* REQUIREMENT *
Exactly the lines below from the line with "Chrome internet browser." through the line with "点燃环境科技业务模块共分为三" must make up the answer, both ends included and pictures left out.
================
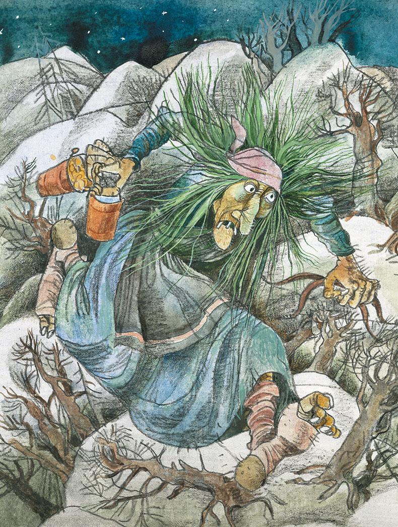 Узнав, в чём дело, она так рассердилась, что выдернула с корнями большую сосну и переломила её о колено, словно это была не столетняя сосна, а сухой прутик. Потом она вырвала у себя из головы длинный зелёный волос и стала им, как верёвкой, ловить мальчика.
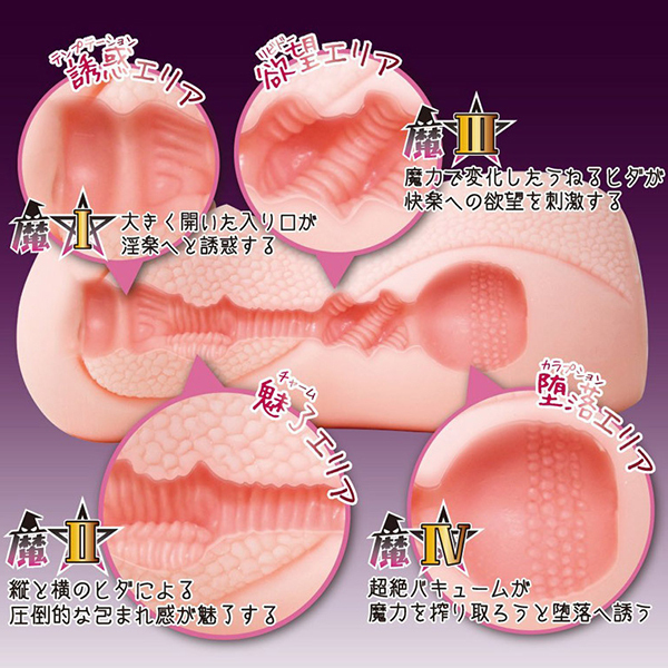 トイズハートのオナホール「ハッピネス」の復刻版として登場した「吸引注意 魔女の誘惑」。大きめサイズの本体は、ベタつかないセーフスキン素材を使用した柔らか感触。広めの内部は絡みつきながら包み込む複雑なヒダ構造!締まった中間部がストロークの度にコリコリと刺激を与えます。さらに、イボを配置した最奥のバキュームエリアで、吸いつきによる超絶刺激も楽しめます。
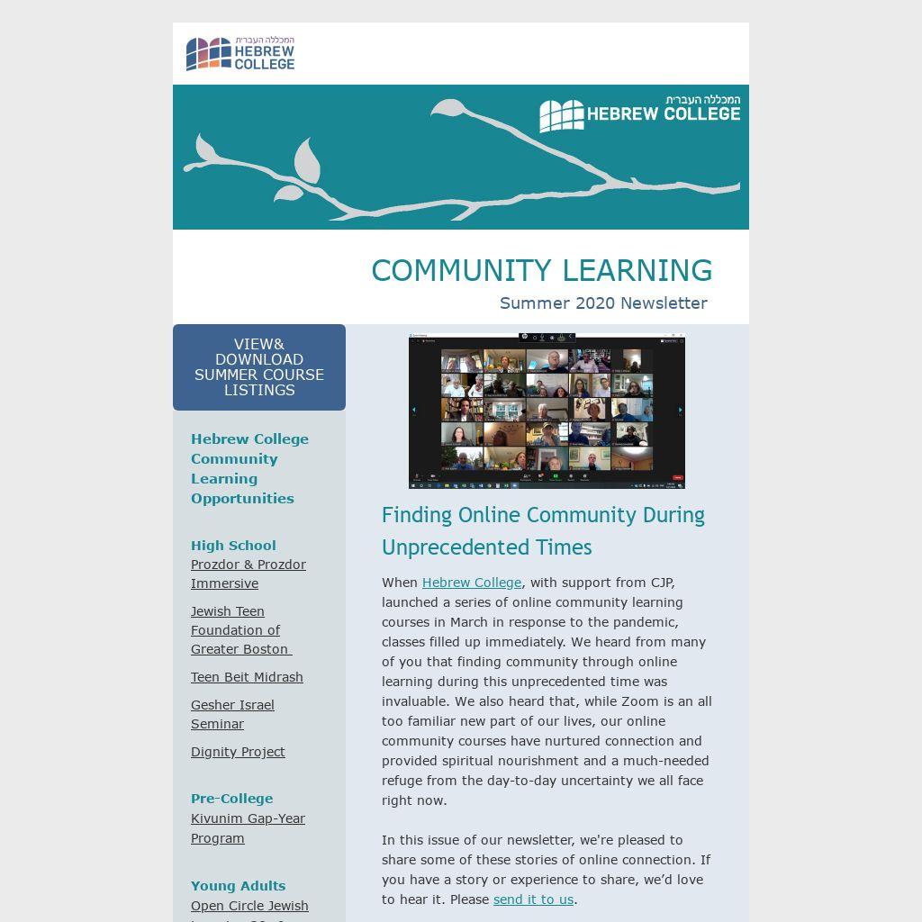 Study online with us this summer. In addition to our summer Hebrew language Ulpan classes, thanks to the generosity of CJP, Hebrew College is offering several Community Learning online courses for teens and adults of all ages. Once you register for a course, you will receive Zoom login information. Enjoy your learning journey!
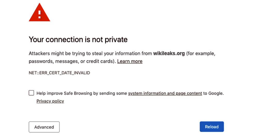"Attackers might be trying to steal your information from wikileaks.org (for example, passwords, messages, or credit cards)," is the message people saw when attempting to access the site from a Google Chrome internet browser.
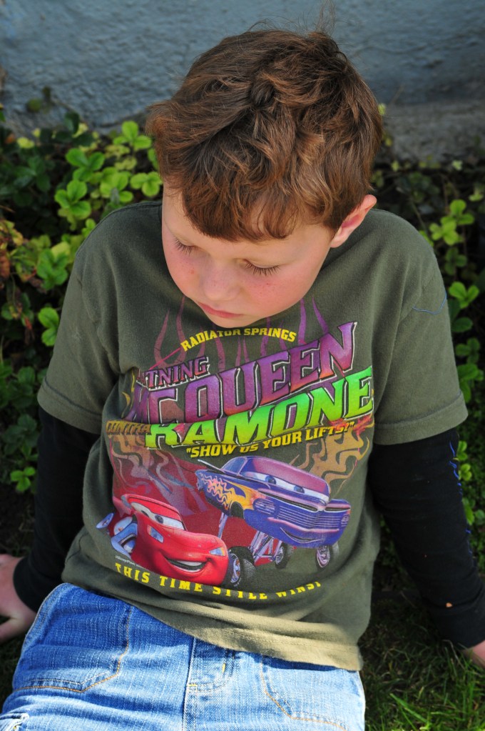 Mitch happily wearing a cars shirt on march 29, 2008
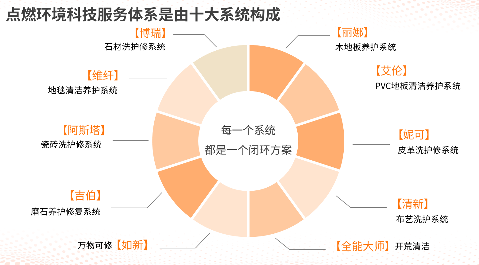 点燃环境科技业务模块共分为三大项:提供企业内训服务;出新维新,定期或长期安排固定员工提供每日或周期性的系统洗护修服务,一次性出新服务,还包括一次性的清洁、养护、修复服务;产品销售,将我们用的好的产品平价销售给客户,免去客户试错成本,帮助客户节约时间。
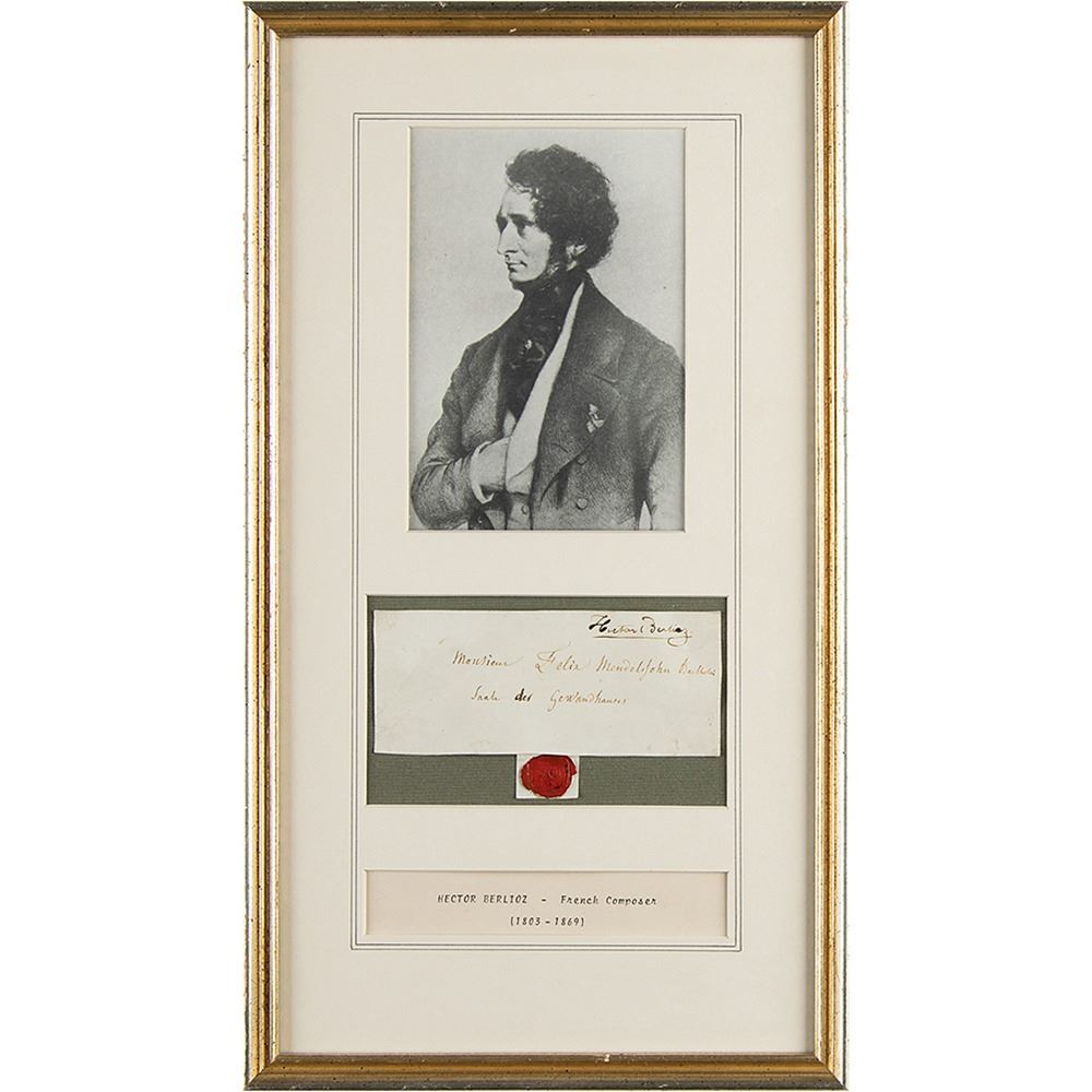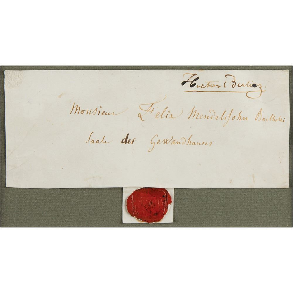 Hand-addressed mailing panel by Hector Berlioz, 5.25 x 2.25, addressed by Berlioz to "Monsieur Felix Mendelssohn Bartholdi, Saale der Gewandhauser." Identified in an unknown hand in the upper right, "Hector Berlioz." The red wax seal is affixed below. Mounted, matted, and framed with a portrait to an overall size of 9.25 x 16.75. In fine condition. Mendelssohn was serving as director of the Leipzig Gewandhaus Orchestra at the time. A fantastic association piece.
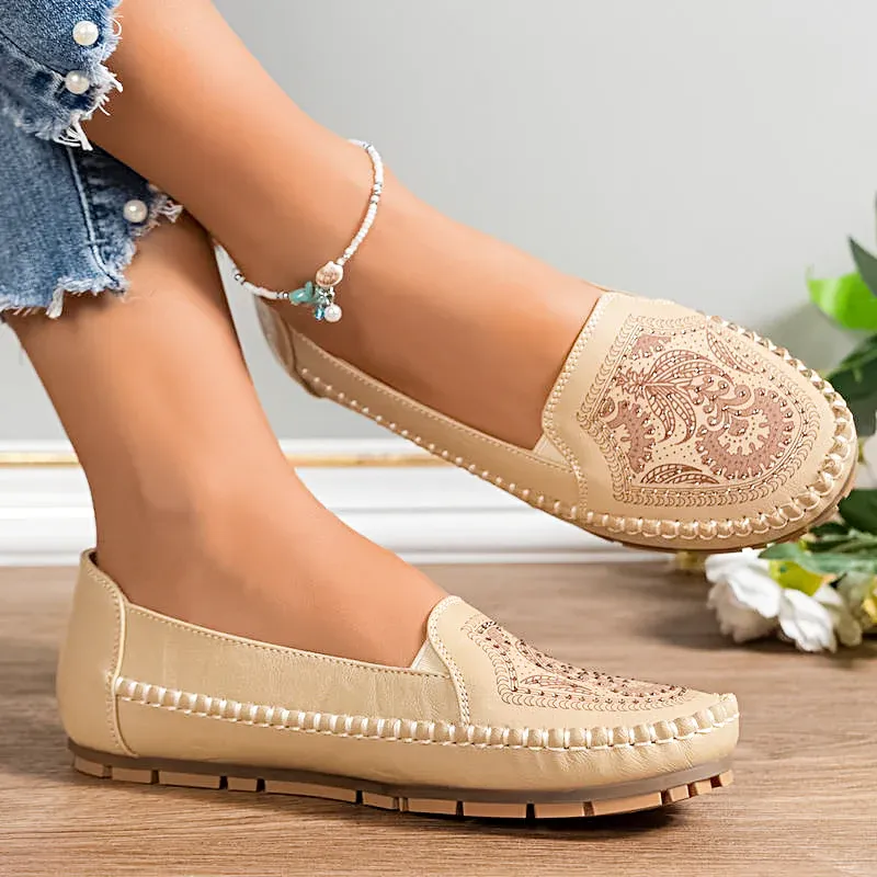 Womens Retro Crystal Flat Shoes
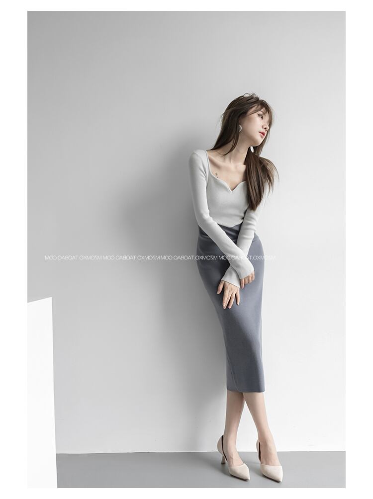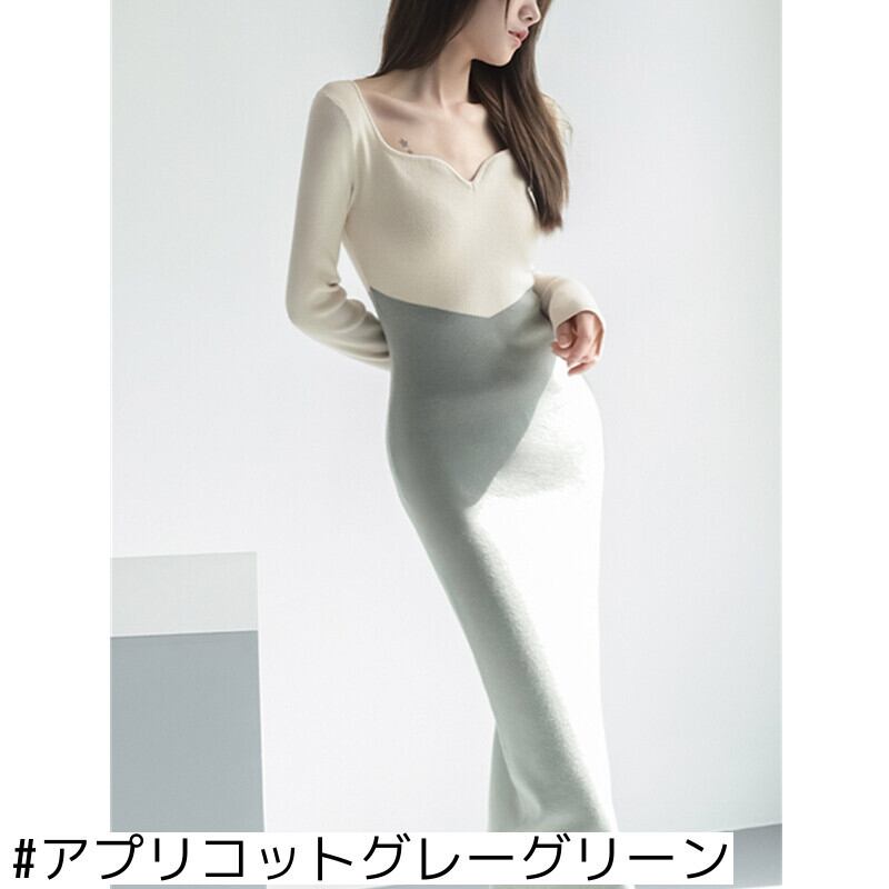 シックなハイエンドボトミングバッグヒップセータースカートミドル丈スリムフィットとスリム気質コントラストカラーニットワンピース秋冬 オータム 秋物 ウィンター 冬物 yingd24846842827
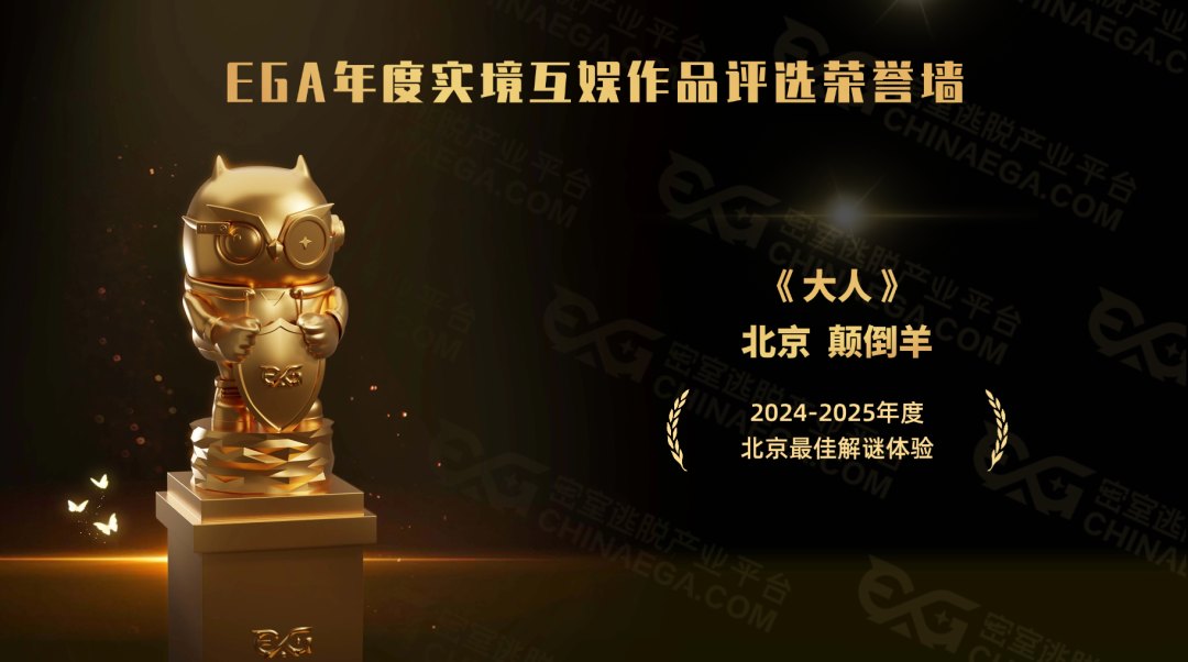 测评 | 北京《大人》- 童年的子弹正中眉心 作者 | 去洗 编辑 | 碎语 揉揉惺忪的睡眼,你突然发现自己掉进了一个玩具盒中。这里有童年的玩偶、没写完的暑假作业、游戏机、电视上播放的是我爱的动画片。原来我是穿越回了童年熟悉的地方,这就是北京颠倒羊2025年新作《大人》! 《大人》以第一视角为开端,被梦境中儿童玩具带领走入一场魔幻而又回忆满满的童真世界。等比例放大的玩偶和变成巨人的猫咪,时刻提醒玩家的穿越者身份。而当你回到了记忆中的童年,小时候的一切似乎也都在告诉你——我们已经长大了,长成了不再需要玩具,不再看动画片的“大人”。 01 童真谜题,趣味互动 《大人》这主题中有诸多谜题都是基于童年元素所设计,包括动手制作的迷宫,超大号的打火机芯,又或者是采用鸡兔同笼的数学应用题。每一个可爱道具机关都是和童年息息相关的谜题。让玩家一秒回到孩童时代。值得一提的是设计师利用小巧思将这些童年符号和谜题结合的息息相关,好玩互动。 主题谜题种类丰富多样,除了烧脑解谜外还有消耗体力的运动型谜题和观察类型的谜题,解谜体验不单一。需要队友配合才可一一化解,最令人印象深刻的则是“你来比划我来猜”小游戏,玩家需要一人关进玻璃房表演所示卡通人物特征,外面的玩家选择猜测正确的一个。这个谜题的趣味性得到提升。让队友骤然升温,欢乐的解密体验将氛围拉满。 02 虚实结合,巧用空间 虚拟空间结合现实的解密手法虽然不是首创,但是《大人》的设计更为另类和巧思。通过远程操控进行解密,回溯童年卧室来进行时空切换。主题最后回归到玩具屋沙盘,等比例缩小的屋子结合实体遥相呼应,遥控童年的玩具坦克发射到未来一颗子弹。 玩家在游戏里则像是缩小到玩具盒子里的小矮人,所有的谜题和道具都放大了一般,空间谜题运用也需要用反向思维,谜题好玩程度升级。例如在保险密码锁里面解密的数字,通过超大号的扳手和螺丝刀解锁,再用逆向思维推理谜题数字,这个设计令人拍手叫绝! 03 成长回顾 令人深思 在欢乐解密和回忆童年之余,《大人》最后捡到了那一枚从童年发射来的子弹,直击心灵。主题内展现的情节,讲述了我们小时候无拘无束的日子,还有一起长大的玩伴和卡通人物陪伴。 然而主题的结束时分,隐匿在童年记忆里的他们仿佛在问现在的我们,大人的世界还好吗?过得还开心吗?你是否长成了小时候你想成为的大人?灯光一亮,面前的镜子照射着我们自己,镜子里就是长大了的我们,我们已经成为了那个“大人”。 《大人》欢乐可爱的外表下内核却是一个有些悲伤色彩的回忆杀主题,温馨回忆童年的梦境醒来,我们要面对的是当下已经长大成人的自己,面对没有了无拘无束生活的大人的世界。 类似主题让我想到《拔剑吧!勇士大人》通过欢乐的卡通人物故事打败现实生活中的“怪物”让我们更坚强地成长。《大人》则是轻轻的安慰。加油呀,即使长大了也不要忘记童年纯真的自己,要努力做一个独一无二的“大人”! 04 写在最后 《大人》这个主题用轻松的游戏取代烧脑的解密,不仅局限于谜题本身,更是结合了童年的回忆片段。此外这个主题结局虽然有些感人,但并未存在强行上升和“按头哭”的设计。只是留给玩家一个想象空间。主题全程温馨,老少咸宜,无论是亲子向的玩家,还是解谜密室的老玩家都可以在这个主题发现完全不一样的亮点。 随着密室类型的多样性发展与玩家客群的壮大,适配度更高的密室种类逐渐会成为主流。烧脑解密和儿童主题往往是两个极端,而《大人》刚刚好的不会太难也不会太幼稚的适配度,让这个主题在开业以来玩家好评度颇高。 另外据了解除了来尝鲜的“机械密室老饕”之外,该作大部分是周边居住的家庭玩家,因此父母大可在带娃来体验的同时,在《大人》里回忆自己的童年。 排版 | 碎语 素材 | 颠倒羊密室 本文谢绝未经EGA授权的转载摘编,如有需要请私信联络 – 文章仅为作者个人观点,EGA带您逛遍实境互娱 – 上一页 文章 花上万谈100次“假恋爱”,你还觉得这只是擦边? 下一页 文章 测评 | 珠海《鬼影戏》- 曲终魂未散,鬼影语喃喃 推荐阅读 参选测评 | 上海《圣米歇尔》- 密室里的“元宇宙”体验chinaega2022年8月22日主题测评 参选测评 | 成都《等一朵花开》- 大山里的花朵,终会绽放chinaega2021年3月17日主题测评 参选测评 | 广州《失乐园》- 小心黑暗里的恶魔chinaega2022年3月24日主题测评 参选测评 | 北京《直播》- 取悦观众还是直映内心?chinaega2021年1月30日主题测评 首发 | 老重庆的禁忌街道-长古世家《松石街33号》评测于老六2018年8月29日主题测评 密室吹哨人 | “密逃大厦”曝光“芒果TV”?chinaega2020年9月20日主题测评
================
* ANSWER TO THE EXERCISE *
"Attackers might be trying to steal your information from wikileaks.org (for example, passwords, messages, or credit cards)," is the message people saw when attempting to access the site from a Google Chrome internet browser.
 Mitch happily wearing a cars shirt on march 29, 2008
 点燃环境科技业务模块共分为三大项:提供企业内训服务;出新维新,定期或长期安排固定员工提供每日或周期性的系统洗护修服务,一次性出新服务,还包括一次性的清洁、养护、修复服务;产品销售,将我们用的好的产品平价销售给客户,免去客户试错成本,帮助客户节约时间。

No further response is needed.